KEYWORDS: Staphylococcus aureus, VraS, kinase, mutation, antibiotic resistance

INTRODUCTION

Staphylococcus aureus is a major pathogenic bacterium that causes serious skin, soft tissue, and nosocomial infections that could progress to severe illnesses, such as osteomyelitis, endocarditis, sepsis, and bacteremia in humans (1). Methicillin-resistant S. aureus (MRSA) is the leading cause of nosocomial infections in hospitals and community settings (2). In 2020, during the COVID-19 pandemic, the rate of MRSA infections in the United States increased by 13% compared to that reported in 2019 (3). The Infectious Diseases Society of America MRSA treatment guidelines recommend either vancomycin or daptomycin as first-line agents (4).

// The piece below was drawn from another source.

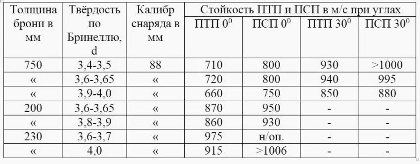 ПТП – предел тыльной прочности брони, ПСП – предел сквозного пробития брони. Прим. редактора.
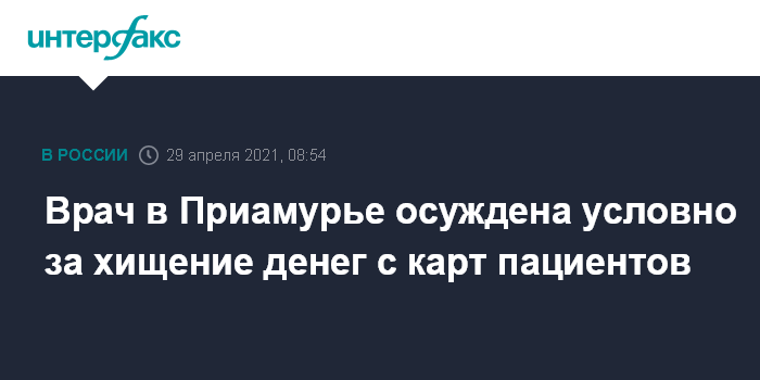 Москва. 29 апреля. INTERFAX.RU - Врач Райчихинской городской больницы в Амурской области осуждена за хищение средств с банковских карт своих пациентов, к которым она получала доступ через сотовые телефоны.

The MRSA phenotype is known to arise as a result of acquired external genetic elements of resistance genes like mecA (5). The vancomycin-intermediate S. aureus (VISA) is characterized by vancomycin minimum inhibitory concentration (MIC) ranging between 4 and 8 µg/mL. Whole genome sequencing revealed that the VISA phenotype may arise due to mutations within various loci of the S. aureus genome. These mutations are mainly adaptive responses driven by environmental stress, including antibiotic exposure (68). In addition, mutations in VISA have also been reported in the two-component systems (TCSs) network (9, 10). Despite the randomness of the occurrence of the mutations, the antibiotic stress usually selects for specific mutants that would have a differential survival advantage.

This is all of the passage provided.